Con todos estos números pudiera pensarse que la cría y exportación de esta especie reporta beneficios económicos importantes para el país; sin embargo, las estadísticas de Alcona S.A. muestran lo contrario. Para Urbe Cabrera la venta de estos animales se ha mantenido porque fue el primer producto de la comercializadora cuando se creó en 1993. Es un símbolo de la empresa; pero no es el rubro principal de las exportaciones. El carbón vegetal, por ejemplo, reporta muchísimo más.

Entre 2006 y 2011 a Cuba le compraron solo 490 de estas aves para un monto total de 76 200 dólares.

¿Quién puede llegar al vallín?
Tal como relatan los entrevistados, no siempre las lidias de gallos contaron con la aprobación de la política del país como en el presente, por considerarse una actividad fomentadora de actitudes incompatibles con los principios de la Revolución.

Algunos, como Mario García, combatiente del Ejército Rebelde, consideran que durante años las principales críticas por parte de la más alta dirección del país estaban dirigidas al hecho de que las peleas por largo tiempo estuvieron en manos de bandidos y delincuentes.
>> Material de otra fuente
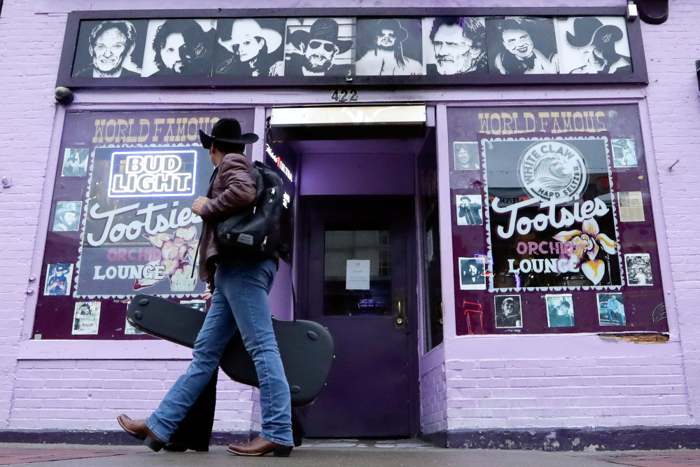A man walks by Tootsie's Orchid Lounge, closed because of the coronavirus, Monday, March 16, 2020, in Nashville, Tenn. Nashville Mayor John Cooper has called for bars on Broadway and throughout the county to close until further notice. He also asked restaurants to limit seating to 50 percent of capacity, with a cap of 100 people, and restaurant bars to not allow standing. (AP Photo/Mark Humphrey)

Sin embargo, García cuenta que cuando a él le hicieron las verificaciones para ingresar al Partido Comunista de Cuba comentó su afición por las peleas de estas aves y le dijeron que estaba bien.

Otros, como Marcial Estrada, no tuvieron igual suerte en la solución de similar conflicto: “Hace unos años yo perdí la militancia por criar gallos, pero voy a seguir cuidándolos porque me gusta. Tampoco voy a dejar de ser revolucionario por eso, ¿no?”

Para restringir la participación en la actividad gallística a personas de confianza, el reglamento aprobado por el Ministerio de la Agricultura establece que solo a los asociados se les permite la entrada al coliseo y todos los aspirantes a serlo, además de poseer un pie de cría y las condiciones sanitarias adecuadas, deben estar vinculados a un centro laboral.

En la actualidad, ninguna ley persigue o castiga a quienes dedican su tiempo a la cría de gallos finos. Todas las regulaciones existentes en Cuba relacionadas con lo que puede suceder en una valla están orientadas a la eliminación del juego ilícito y el enriquecimiento indebido.